It'll now start the long process of the "Acceptance Test Flight" protocols ........


----------



## Globesmasher

And a couple more shots .................


----------



## Globesmasher

INCH:

Once again I stand corrected.  
The tail numbers will be 6 digits after all.
Sorry about that ......
As we can see, the first one is 177701
Then we'll see:
177702
177703
177704

First it was 6, then back to 5 now back to 6.  :


----------



## tabernac

WOW. 


WOW.

That is one sleek, sexy plane. And I never thought I would say that about any jet, let alone a strategic airlifter. I guess the Mapleleaf makes all the difference.


----------



## Inch

Globesmasher said:
			
		

> INCH:
> 
> Once again I stand corrected.
> The tail numbers will be 6 digits after all.
> Sorry about that ......
> As we can see, the first one is 177701
> Then we'll see:
> 177702
> 177703
> 177704
> 
> First it was 6, then back to 5 now back to 6.  :



Nice, 6 seems to be the standard, but AFIK, Cyclone 01 will be 14801. Until they're painted though, who knows. At least you're getting your new ride soon, ours is still a few years off.  :'(


----------



## Haletown

will any of our C177's have the extra center wing fuel tank or all they all  the standard model ?


----------



## Globesmasher

Haletown:

They're all extended range [ER] tank aircraft.
Boeing stopped making the "non-ER" tanks on fuselage 71.
The first 70 were non-ER and then every aircraft from then on have been ER jets.

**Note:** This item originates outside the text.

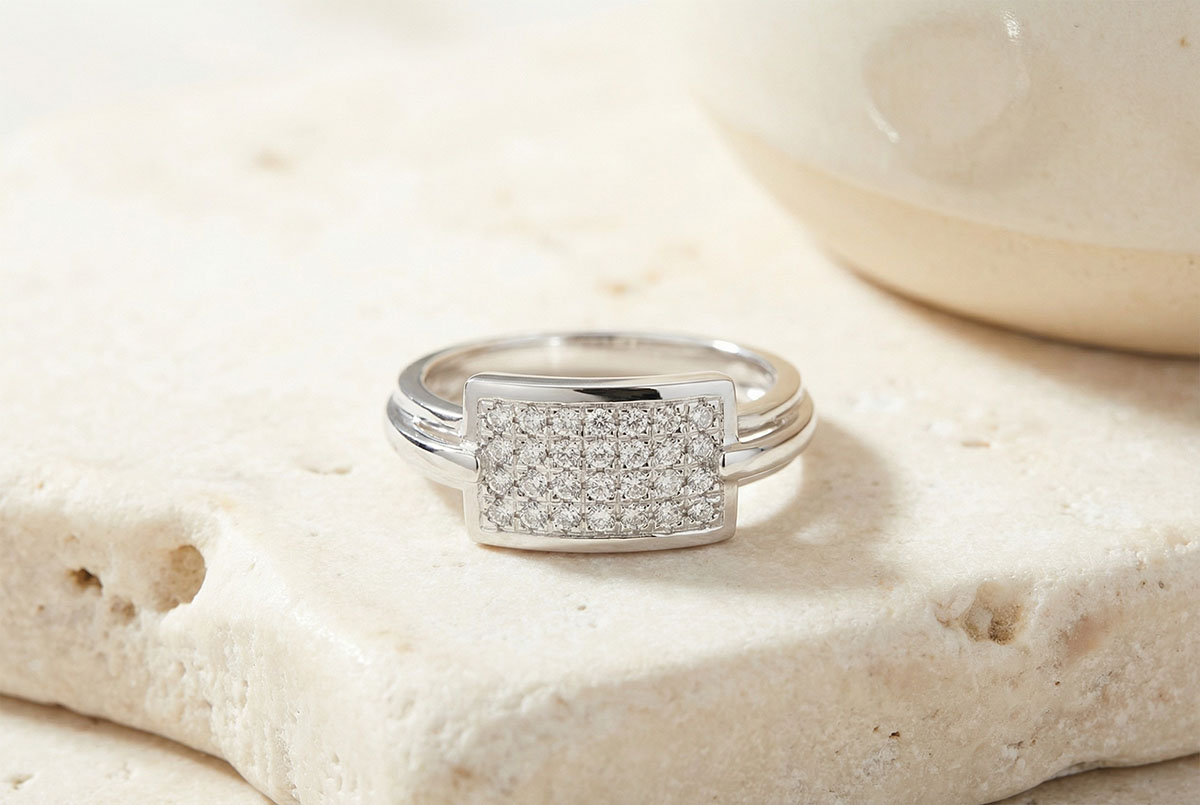 El pavimento geométrico de una placa diamantes, sobrios y gráficos. Un anillo de una gran elegancia y de carácter.

So, we'll have a 245,000 lb fuel capacity.
Plenty of gas to get to where we need to go ..... I hope.


----------



## Scoobie Newbie

GS will you be one of the select few to fly the unfriendly skies in one of those babies?


----------



## Globesmasher

Yup.   ;D

Very happy about that.


----------



## Scoobie Newbie

Congrats


----------



## Haletown

Globesmasher said:
			
		

> Haletown:
> 
> They're all extended range [ER] tank aircraft.
> Boeing stopped making the "non-ER" tanks on fuselage 71.
> The first 70 were non-ER and then every aircraft from then on have been ER jets.
> 
> So, we'll have a 245,000 lb fuel capacity.
> Plenty of gas to get to where we need to go ..... I hope.



thnx . .   appreciate the info.  Hard to keep up all with the news 

Will you be / are you qualified for in-flight refueling ?   Would be a very useful qual when operating with Allies. 

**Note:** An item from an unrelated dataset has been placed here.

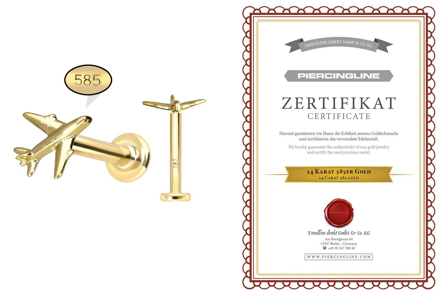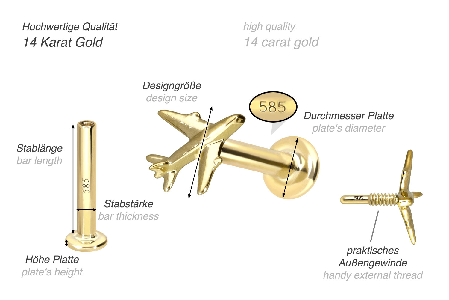 Dieses Labret ist vollständig aus hochwertigem 14 Karat (585er) Gold gefertigt, das neben seiner exzellenten Qualität auch mit Eigenschaften wie guter Hautverträglichkeit und hoher Beständigkeit zu begeistern weiß. Farblich ist es in Gelbgold, Roségold und rhodiniertem Weißgold erhältlich. Das Labret verfügt über einen zeitlos schönen Schraubaufsatz mit Außengewinde in Form eines Flugzeuges, hat

I am really happy you guys are finally getting some really good kit.  You deserve it and I know you'll put it to good use.  

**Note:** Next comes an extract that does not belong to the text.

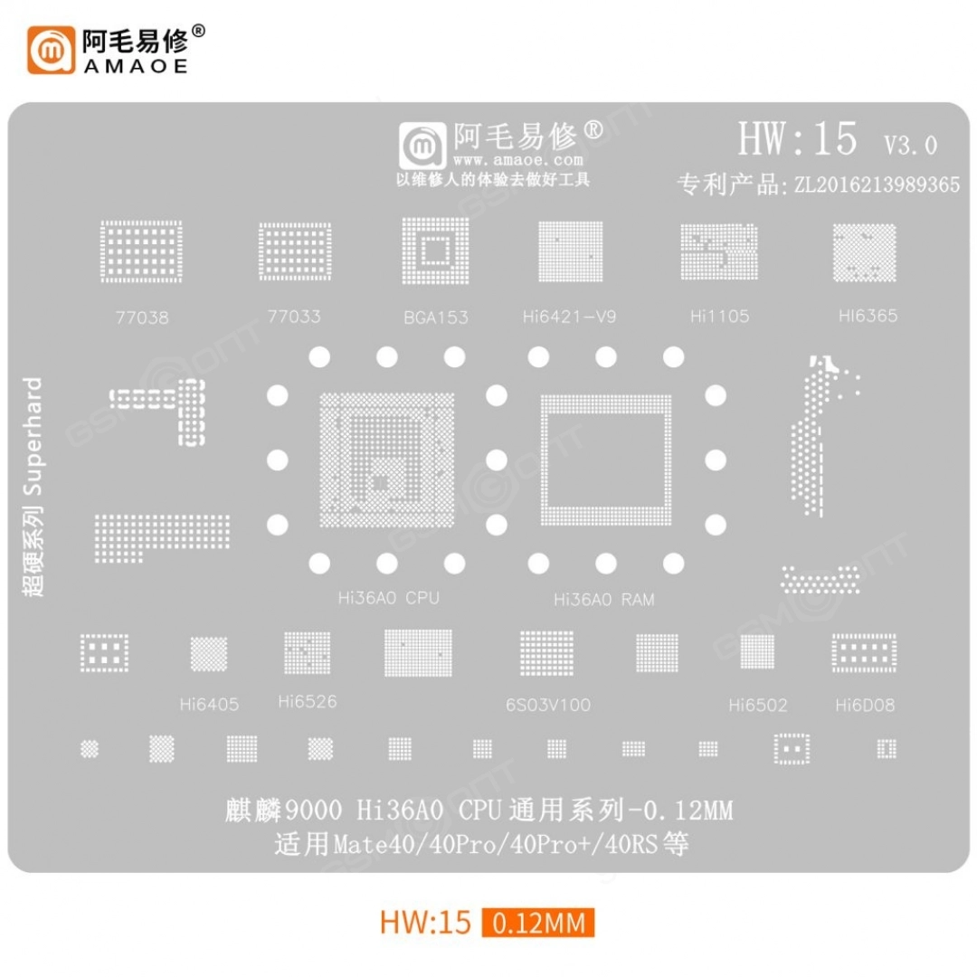 Трафарет Amaoe для Huawei HW:15 v3.0, Kirin 9000/ Hi36A0 (T=0.12мм)

Congrats and good luck.  You make us "older" guys proud.


----------



## Globesmasher

Haletown said:
			
		

> Will you be / are you qualified for in-flight refueling ?   Would be a very useful qual when operating with Allies.



HT:

I used to be qualified for AR when I was flying this thing with the USAF from 2001-2004.
But not any longer.

We're not going to bother with AR.

With the ER tanks we'll have plenty of gas to do what we need within our crew duty days.
Also, since the CF does not possess any "boom" tankers (KC-135 or KC-10) it will be very problematic to keep our crews current in AR skills.
Scheduling will be a nightmare.
Also, that fuel that comes down that boom to the receiver in-flight .... very expensive.
Once you factor in all the costs, that gas that the receiver takes on in-flight costs 9 times what it costs to pump it out of the ground.

We can't afford that .......  :'(

245,000 lbs of gas - that's gives me about 10 - 11 hours of cruise time (probably a bit more) doing 400-500 miles per hour depending on winds and weight.
That'll do us nicely .....  

I'm not a big fan of being Snowbird #4 and flying line astern 18' away from a KC-10 trying to pass highly flammable fuel down a nozzle under high pressure at me at 25,000' in the air ........ it takes about 20 minutes to take on about 60-70,000 lbs of fuel.  No fun at all.

There but for the grace of God ......

[edit - spelling]


----------



## Astrodog

GS,

  thanks for the pics; the combination of seeing what that thing can do at an airshow this past weekend and seeing 'Canada' on the side of one actually took my breath away... Such a proud moment; I can't wait to hopefully one day get my hands on one!


----------



## Colin Parkinson

cheeky_monkey said:
			
		

> WOW.
> 
> 
> WOW.
> 
> That is one sleek, sexy plane. And I never thought I would say that about any jet, let alone a strategic airlifter. I guess the Mapleleaf makes all the difference.



Let me add...

WOW

WOW

WOW!!!!!!!

Thanks for the great pictures!!!!


----------



## Buddha66

I bet you can't wait GS...

I understand what you mean about the AR...I was lucky for most of the time being blissfully unaware during the AR process in the back end of the E-3.  The few times I was up front, I wished I wasn't watching!  On the other hand, I got some great naps durning the 20-30 minutes it took for the AR to take place.


----------



## NavyShooter

Interesting pamphlet from Boeing.

http://www.boeing.com/commercial/airports/acaps/bc17-c17a-brochure.pdf

NS


----------



## Scoobie Newbie

what exactly


----------



## Colin Parkinson

NavyShooter said:
			
		

> Interesting pamphlet from Boeing.
> 
> http://www.boeing.com/commercial/airports/acaps/bc17-c17a-brochure.pdf
> 
> NS



Well this will help Microsoft to build a virtual model for their flight sim.


----------



## mz589

I guess its going to be called Canada One, looks pretty good!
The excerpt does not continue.